La glace va bientôt prendre sur la rivière des Outaouais, mais cela ne change rien pour les Traversiers Bourbonnais qui fonctionnent hiver comme été, 365 jours par année. Mais cela n’a pas toujours ainsi. Il fut un temps pas si lointain où les traversiers allaient en cale sèche l’hiver et ne reprenaient du service qu’en avril.
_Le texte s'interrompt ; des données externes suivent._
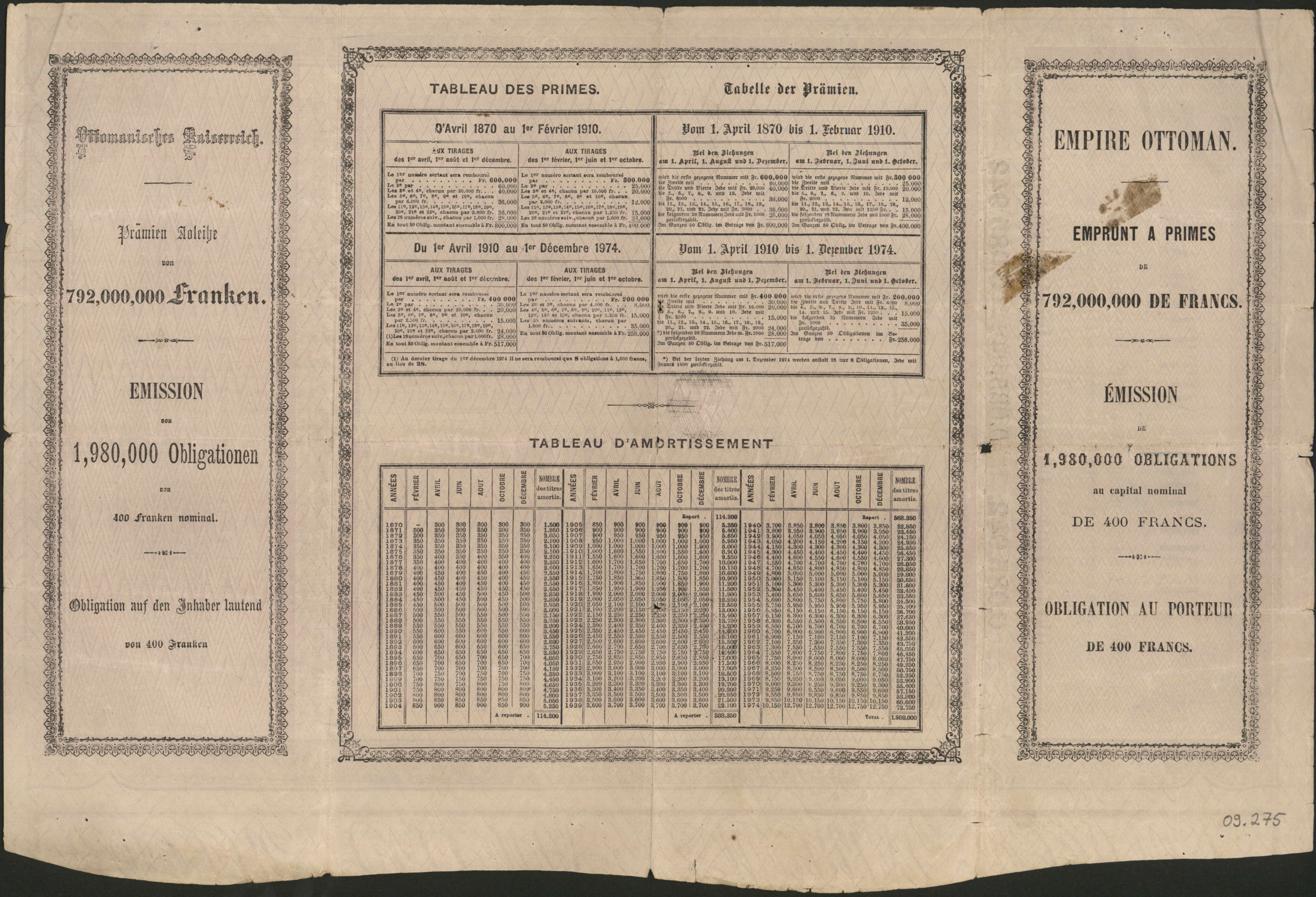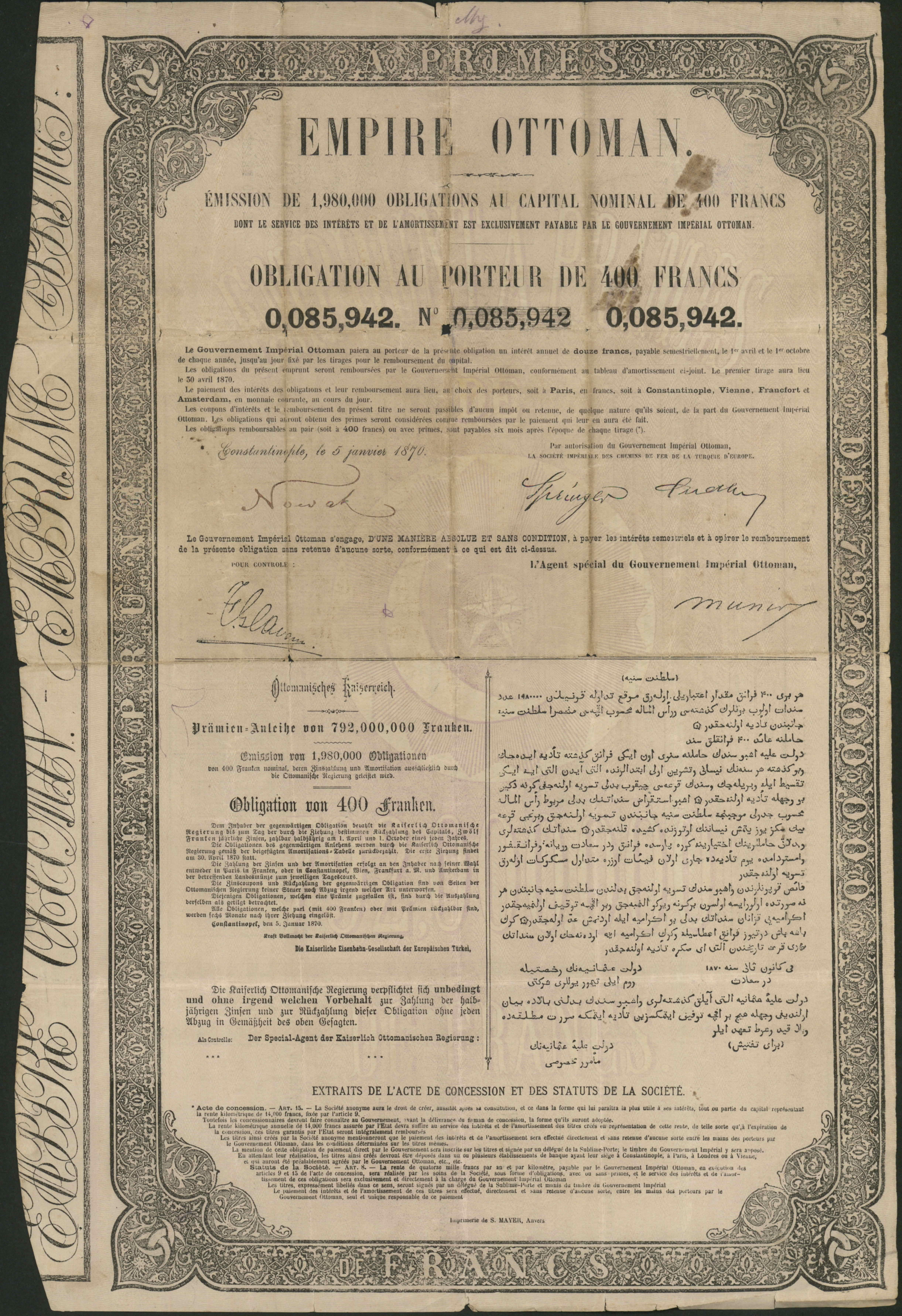 Bond and an obligation, issued by the Ottoman Empire, in Istanbul.

Remontons à l’année 1947. Eugène Bourbonnais, dont la famille est originaire de Lefaivre et Plantagenet, rassemble toutes ses économies et achète le service de traversier reliant Montebello et Lefaivre. Les affaires tournent rondement surtout avec le Château Montebello (qu’on appelait toujours à l’époque le Seigniory Club) qui accueille chaque semaine des centaines de visiteurs venus de l’autre rive de la rivière des Outaouais. Afin de mieux profiter de cette manne, Eugène Bourbonnais construit en 1960 un premier traversier en acier pouvant accueillir huit voitures. C’est un grand avancement technologique pour l’époque. Trois ans plus tard, en 1963, Eugène Bourbonnais et son partenaire d’affaires, Hector Bourgeois, frappent le grand coup. Ils font une offre aux frères André et Achille Lamarche pour acheter le service de traversier Masson-Cumberland. « L’un des frères Lamarche était marié avec la sœur de la femme de mon père. Cela a certainement pu aider à conclure l’affaire », raconte Maurice Bourbonnais, qui a commencé à travailler sur les traversiers à l’âge de neuf ans.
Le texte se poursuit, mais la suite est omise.